That did not matter.
It was seen as the opportunity that the West needed to mend fences with the
Burmese leadership. Burma suddenly had a new face and was now a country
ostensibly run by a constitution and a nominally civilian government, not a
junta. With a new administration in Washington, it was the perfect time for
Burma’s still military-dominated leadership—Thein Sein had retired’ from his
position in the military to become president—to launch a charm offensive
in the West, and for the United States and other Western countries to begin the
process of detente. Both the US and Burmese leadership viewed pulling Burma
from its uncomfortable Chinese embrace and close relationship with North Korea
as a key element of this new era.

The Burmese-American
historian Thant Myint-U has argued that “there is a myth in the West that
Burma’s reforms in 2011 were the result of a desire to tilt away from China.
The truth was much more complex.” In fact, that is not a myth, and the
reasons behind the generals’ decision to improve relations with the West are
not that difficult to understand.
In order to
understand Burma’s rather dramatic policy shift, it is instructive to look
deeper into what was discussed in the inner circles of the military in the
early 2000s. Then condemned and isolated by the international community, the
ruling military junta announced in August 2003 a seven-step ‘Roadmap to
Discipline-Flourishing Democracy.’ That plan called for the drafting of a new
constitution, which happened in 2008, and general elections, which were held in
2010. A new parliament would then be formed that that could “elect state
leaders” charged with building “a modern, developed, and democratic nation.”
The ‘roadmap’ was
made public and was followed almost to the letter.
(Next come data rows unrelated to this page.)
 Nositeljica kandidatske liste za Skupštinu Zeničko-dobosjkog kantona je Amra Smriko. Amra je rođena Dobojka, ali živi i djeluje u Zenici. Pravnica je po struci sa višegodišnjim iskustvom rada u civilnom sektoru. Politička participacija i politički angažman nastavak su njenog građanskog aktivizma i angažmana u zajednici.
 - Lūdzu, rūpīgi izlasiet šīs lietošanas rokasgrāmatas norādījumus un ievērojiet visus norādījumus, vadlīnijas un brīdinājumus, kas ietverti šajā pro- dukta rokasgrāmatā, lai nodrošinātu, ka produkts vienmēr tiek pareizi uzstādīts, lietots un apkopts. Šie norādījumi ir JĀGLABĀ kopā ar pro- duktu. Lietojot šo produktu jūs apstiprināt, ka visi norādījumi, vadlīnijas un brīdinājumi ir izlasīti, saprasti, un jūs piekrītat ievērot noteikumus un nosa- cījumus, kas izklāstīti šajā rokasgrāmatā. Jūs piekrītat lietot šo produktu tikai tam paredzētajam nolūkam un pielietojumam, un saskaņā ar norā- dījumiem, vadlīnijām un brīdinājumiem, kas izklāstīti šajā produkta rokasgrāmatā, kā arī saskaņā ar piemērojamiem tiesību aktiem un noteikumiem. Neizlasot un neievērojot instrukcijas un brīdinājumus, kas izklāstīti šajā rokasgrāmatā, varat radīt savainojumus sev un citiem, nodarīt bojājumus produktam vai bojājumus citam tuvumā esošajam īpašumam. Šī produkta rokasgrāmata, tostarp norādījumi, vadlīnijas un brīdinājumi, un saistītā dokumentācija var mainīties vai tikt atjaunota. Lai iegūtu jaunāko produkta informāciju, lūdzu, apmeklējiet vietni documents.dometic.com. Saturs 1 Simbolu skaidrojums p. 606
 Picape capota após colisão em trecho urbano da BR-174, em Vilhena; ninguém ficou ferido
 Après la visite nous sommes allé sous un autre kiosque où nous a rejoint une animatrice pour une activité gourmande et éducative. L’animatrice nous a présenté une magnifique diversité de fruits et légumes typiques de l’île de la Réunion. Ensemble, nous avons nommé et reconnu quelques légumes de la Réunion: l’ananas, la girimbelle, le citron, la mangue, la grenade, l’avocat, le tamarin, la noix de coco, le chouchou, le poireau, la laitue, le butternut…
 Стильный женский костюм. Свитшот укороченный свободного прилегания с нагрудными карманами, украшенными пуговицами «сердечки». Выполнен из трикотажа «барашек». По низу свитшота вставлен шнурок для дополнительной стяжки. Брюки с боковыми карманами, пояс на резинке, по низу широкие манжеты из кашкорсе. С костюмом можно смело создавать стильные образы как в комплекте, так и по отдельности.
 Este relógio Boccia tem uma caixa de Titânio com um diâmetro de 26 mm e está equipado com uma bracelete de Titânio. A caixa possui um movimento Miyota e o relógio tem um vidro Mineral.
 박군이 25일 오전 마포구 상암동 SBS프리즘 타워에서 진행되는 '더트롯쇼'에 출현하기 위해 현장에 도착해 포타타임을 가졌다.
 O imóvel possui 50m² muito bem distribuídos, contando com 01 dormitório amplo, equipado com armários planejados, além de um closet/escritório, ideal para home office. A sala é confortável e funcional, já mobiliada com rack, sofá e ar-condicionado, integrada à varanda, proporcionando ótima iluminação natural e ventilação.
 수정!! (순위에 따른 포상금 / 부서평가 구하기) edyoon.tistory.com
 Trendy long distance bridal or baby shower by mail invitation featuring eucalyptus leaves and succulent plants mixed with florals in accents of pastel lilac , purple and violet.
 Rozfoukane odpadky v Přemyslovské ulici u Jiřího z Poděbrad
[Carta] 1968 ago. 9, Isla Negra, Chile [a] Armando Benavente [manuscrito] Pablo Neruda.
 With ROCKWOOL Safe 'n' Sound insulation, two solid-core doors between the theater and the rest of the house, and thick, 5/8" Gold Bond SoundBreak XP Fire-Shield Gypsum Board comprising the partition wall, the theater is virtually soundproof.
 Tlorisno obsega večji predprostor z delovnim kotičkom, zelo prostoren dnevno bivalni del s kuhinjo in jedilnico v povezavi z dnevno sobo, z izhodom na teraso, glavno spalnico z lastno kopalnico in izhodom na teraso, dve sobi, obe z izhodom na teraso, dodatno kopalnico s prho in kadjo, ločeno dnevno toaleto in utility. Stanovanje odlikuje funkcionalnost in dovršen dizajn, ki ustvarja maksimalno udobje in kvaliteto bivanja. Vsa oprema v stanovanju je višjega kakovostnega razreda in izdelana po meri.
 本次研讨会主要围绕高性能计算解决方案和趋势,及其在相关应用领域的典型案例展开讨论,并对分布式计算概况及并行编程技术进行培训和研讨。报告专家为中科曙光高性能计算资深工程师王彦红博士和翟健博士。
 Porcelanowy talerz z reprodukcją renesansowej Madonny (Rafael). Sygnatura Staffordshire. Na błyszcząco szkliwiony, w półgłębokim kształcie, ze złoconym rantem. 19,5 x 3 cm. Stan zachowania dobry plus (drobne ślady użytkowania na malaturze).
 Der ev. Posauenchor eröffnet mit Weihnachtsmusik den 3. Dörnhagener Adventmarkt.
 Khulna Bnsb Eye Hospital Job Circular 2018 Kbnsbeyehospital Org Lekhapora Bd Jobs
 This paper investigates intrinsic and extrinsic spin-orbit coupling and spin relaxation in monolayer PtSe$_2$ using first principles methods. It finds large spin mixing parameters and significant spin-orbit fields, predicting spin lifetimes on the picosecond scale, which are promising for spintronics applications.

At the same time, a
confidential ‘master plan’ outlined the need to change to lessen the heavy and
increasingly uncomfortable dependence on China and improve relations with the
West. A classified 346-page dossier titled ‘A Study of Myanmar- U.S. Relations’
was compiled as early as August 2004 and circulated internally among Burma’s
military leaders. It stated that the country’s recent reliance on China as a
diplomatic ally and economic patron had created a ‘national emergency’
that threatened the country’s independence.
The authors of the
Burmese-language dossier are not known, but it is attributed to one ‘Lt. Col.
Aung Kyaw Hla,’ who is identified as a researcher at the country’s
prestigious Defense Services Academy in Pyin Oo
Lwin. However, it is unclear whether Aung Kyaw Hla is a particular person or a
codename used by a military think-tank. Anecdotal evidence suggests the latter.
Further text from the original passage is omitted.